The company’s demo includes a way to sign up as a beta tester.

It’s a surprisingly elementary video. Anis Dave, the chief technology officer, stands in his backyard and points to a series of cones arranged in a circle so they are six feet away from a co-worker in the middle. 

When Dave, wearing a phone with a SocialSafety app, walks from the edge of the circle toward the coworker, both of their phones start to beep. That stops when they separate to the proper distance. 

That’s it. "It was important to us to provide an easy-to-use product with a fast turnaround," Dave says. "We knew we could solve a problem that a lot of businesses would be struggling with over the coming months."

SocialSafety comes from a small consulting firm for apps, called From, The Digital Agency. Howard Tiersky,  the CEO, acknowledges that imagining workers walking around with their smartphone on their arm seems strange, but then again, some joggers do it.
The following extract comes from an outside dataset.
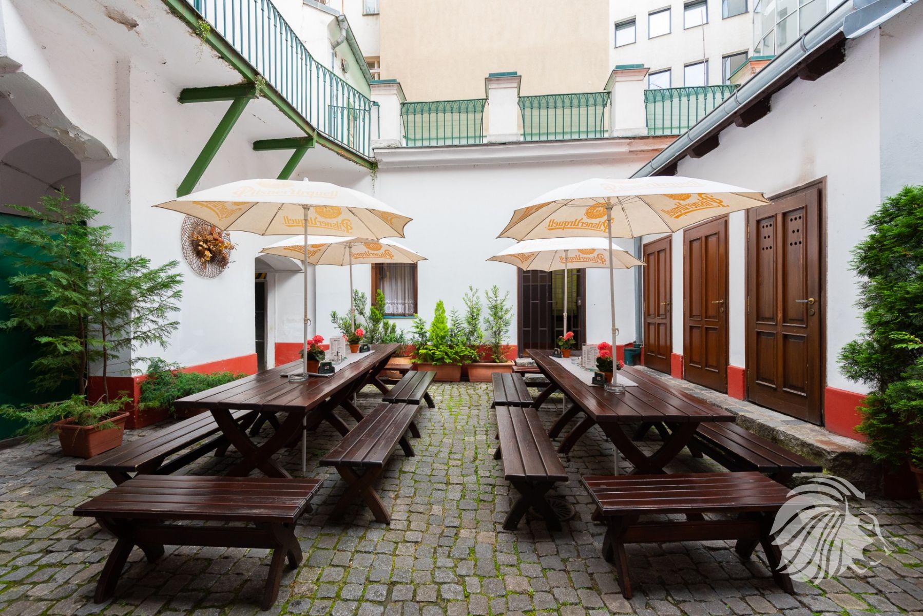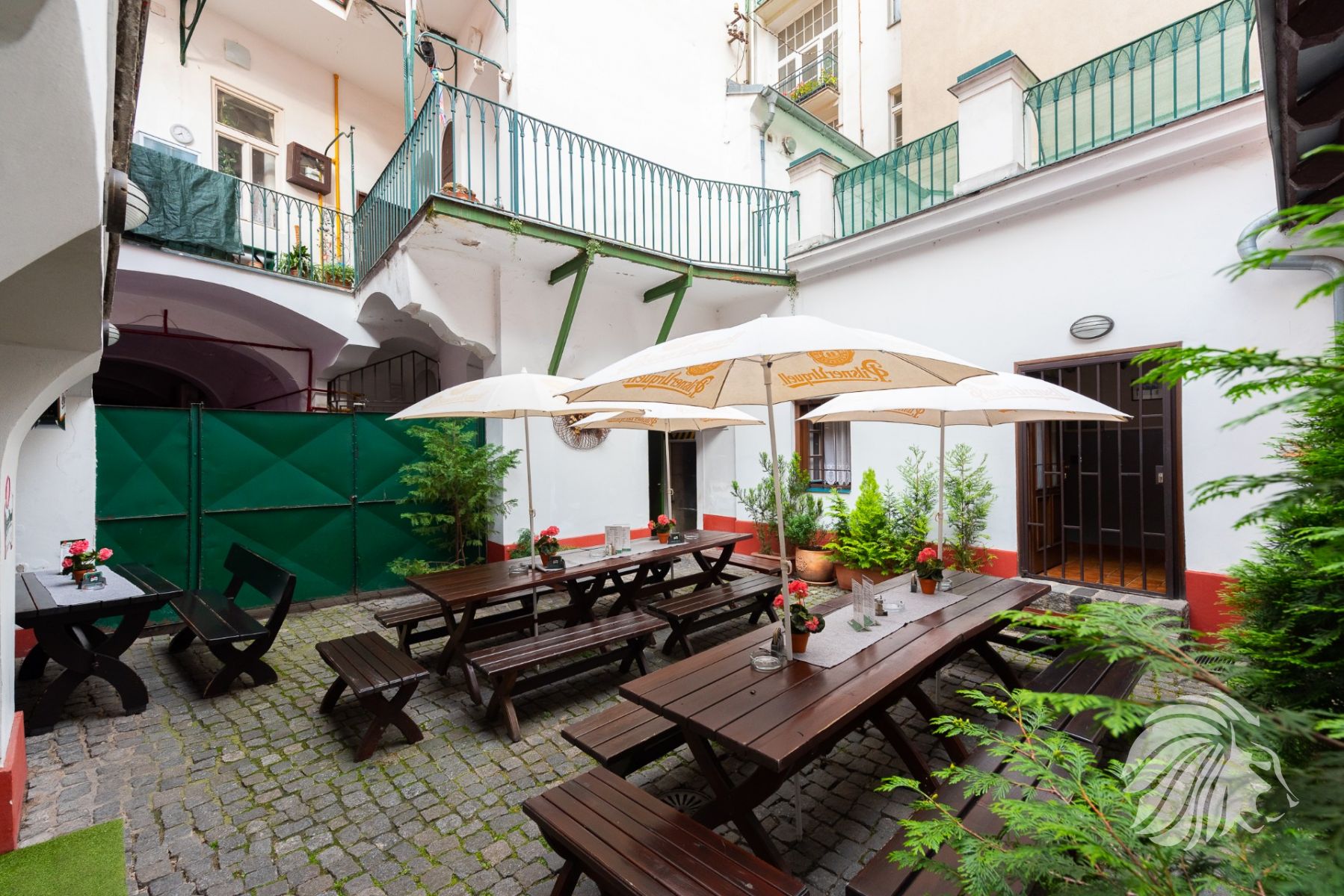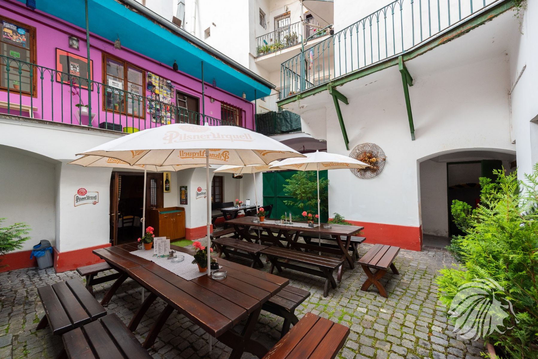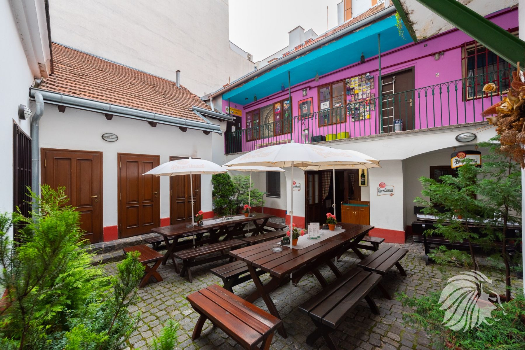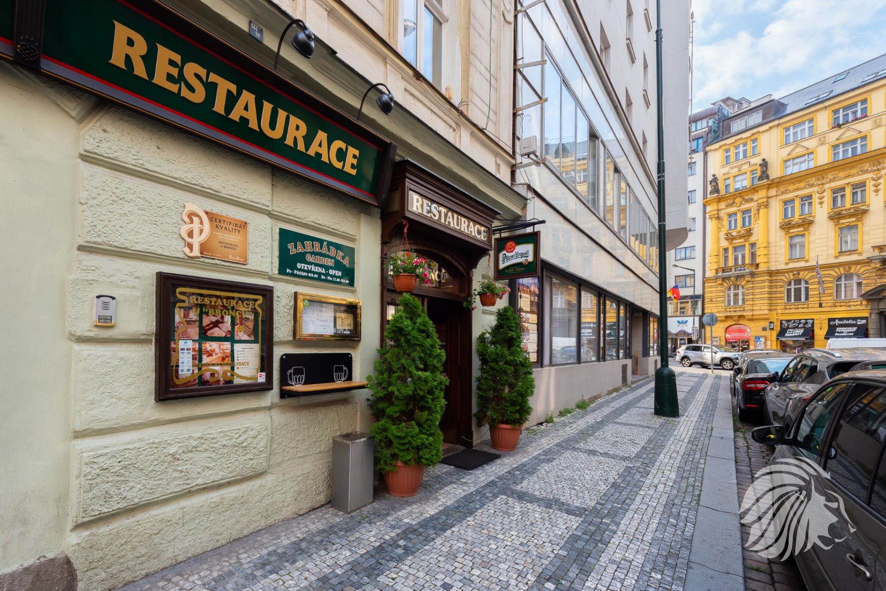 Možnost placeného prostoru před restaurací – toho času od města pronajaty 2 m² na okrasné túje v květináčích. Možnost využití místa také na reklamu tzv. „Áčko“.

And it’s likely those co-workers will also be wearing a mask and maybe gloves. A lot of unimaginable things have happened since mid-March, and more are probably coming. 

“We think there are going to be a lot of people out there looking for a solution,” he says, and one tied to a readily available smartphone is quick, easy and cheap.  Most likely, it could be fine-tuned, he says, but instead From is marketing what is commonly called a minimally viable product that can be tweaked on the fly.  

Tiersky agrees the Social Safety app can seem like  “a pain in the butt. Yeah, it sounds like a nuisance -- but if it’s going to make your business safe -- it’s going to make you super-happy.”

From's business is making apps with some major brands including NBC, Avis, Madison Square Garden and Broadway’s Shubert Theatre. Making a crisis-created beeper is a departure.

But “I think it’s conceivable our product, or somebody else’s that does something like it, will be necessary. And really, thank God if something better comes around,” he says.

“A vaccine would be better. The number-one solution is a vaccine. There may be one in another year. But what are we going to do now?”